See ./HACKING.md for more documentation of specific behaviors of this implementation.

Development Tips#

The README and Makefile at the top level of this git repo have some generic helpers for testing, linting, formatting code, etc.

To build the admin web interface, and then build and run the relay locally:

make build-relay-admin-ui
make run-dev-relay

You can run the command directly to get a list of configuration flags and environment variables. The environment will be loaded from a .envfile if one exist:

go run ./cmd/relay/ --help

You can also build an run the command directly:

go build ./cmd/relay
./relay serve

By default, the daemon will use sqlite for databases (in the directory ./data/relay/), and the HTTP API will be bound to localhost port 2470.

When the daemon isn't running, sqlite database files can be inspected with:

sqlite3 data/relay/relay.sqlite
[...]
sqlite> .schema

To wipe all local data (careful!):

# double-check before running this destructive command
rm -rf ./data/relay/*

There is a basic web dashboard, though it will not be included unless built and copied to a local directory ./public/. Run make build-relay-admin-ui, and then when running the daemon the dashboard will be available at: http://localhost:2470/dash/. Paste in the admin key, eg dummy.

The local admin routes can also be accessed by passing the admin password using HTTP Basic auth (with username admin), for example:

http get :2470/admin/pds/list -a admin:dummy

Request crawl of an individual PDS instance like:

http post :2470/admin/pds/requestCrawl -a admin:dummy hostname=pds.example.com

The goat command line tool (also part of the indigo git repository) includes helpers for administering, inspecting, and debugging relays:

RELAY_HOST=http://localhost:2470 goat firehose --verify-mst
RELAY_HOST=http://localhost:2470 goat relay admin host list

API Endpoints#

This relay implements the core atproto "sync" API endpoints:

GET /xrpc/com.atproto.sync.subscribeRepos (WebSocket)
GET /xrpc/com.atproto.sync.getRepo (HTTP redirect to account's PDS)
GET /xrpc/com.atproto.sync.getRepoStatus
GET /xrpc/com.atproto.sync.listRepos (optional)
GET /xrpc/com.atproto.sync.getLatestCommit (optional)

It also implements some relay-specific endpoints:

POST /xrpc/com.atproto.sync.requestCrawl
GET /xrpc/com.atproto.sync.listHosts
GET /xrpc/com.atproto.sync.getHostStatus

Documentation can be found in the atproto specifications for repository synchronization, event streams, data formats, account status, etc.

This implementation also has some off-protocol admin endpoints under /admin/. These have legacy schemas from an earlier implementation, are not well documented, and should not be considered a stable API to build upon.

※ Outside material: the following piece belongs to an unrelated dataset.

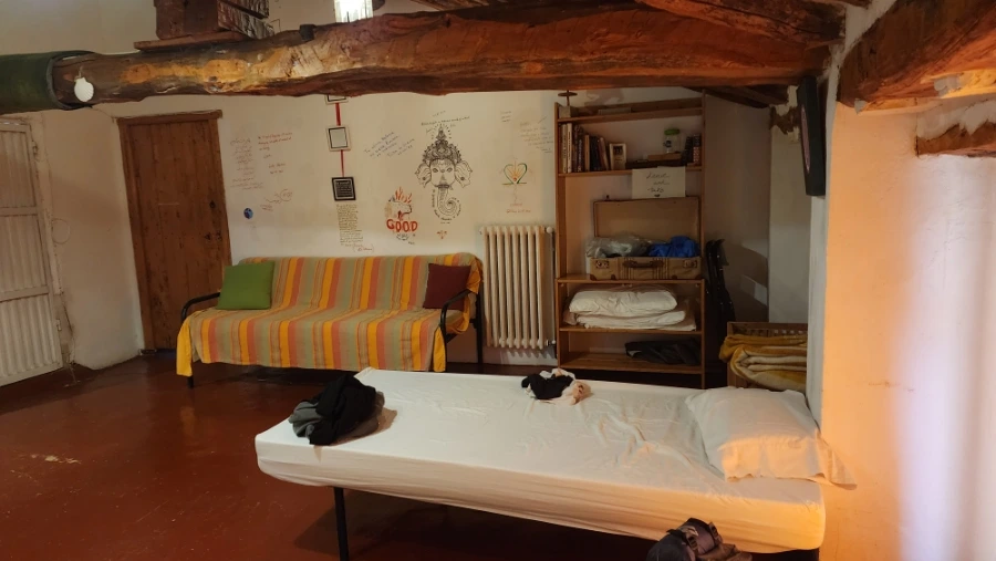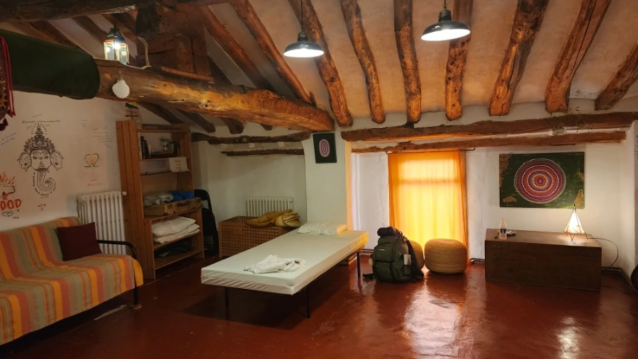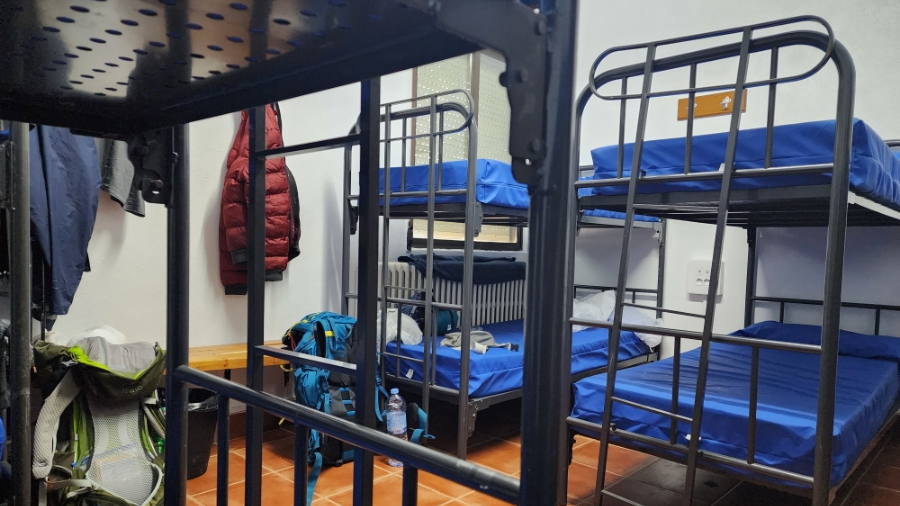 저는 2층 가운데의 가장 넓은 거실에 여유롭게 머물렀습니다. 침대에 누워 쉬던 중, 문 쪽 방에 또 다른 순례자 아주머니가 한 분 계시다는 걸 알게 되었습니다.

The intention is to refactor them in to Lexicon-specified APIs.

Configuration and Operation#

NOTE: this document is not a complete guide to operating a relay as a public service. That requires planning around acceptable use policies, financial sustainability, infrastructure selection, etc. This is just a quick overview of the mechanics of getting a relay up and running.

Some notable configuration env vars:

RELAY_ADMIN_PASSWORD
DATABASE_URL: eg, postgres://relay:CHANGEME@localhost:5432/relay
RELAY_PERSIST_DIR: storage location for "backfill" events, eg /data/relay/persist
RELAY_REPLAY_WINDOW: the duration of output "backfill window", eg 24h
RELAY_LENIENT_SYNC_VALIDATION: if true, allow legacy upstreams which don't implement atproto sync v1.1
RELAY_TRUSTED_DOMAINS: patterns of PDS hosts which get larger quotas by default, eg *.host.bsky.network

There is a health check endpoint at /xrpc/_health. Prometheus metrics are exposed by default on port 2471, path /metrics. The service logs fairly verbosely to stdout; use LOG_LEVEL to control log volume (warn, info, etc).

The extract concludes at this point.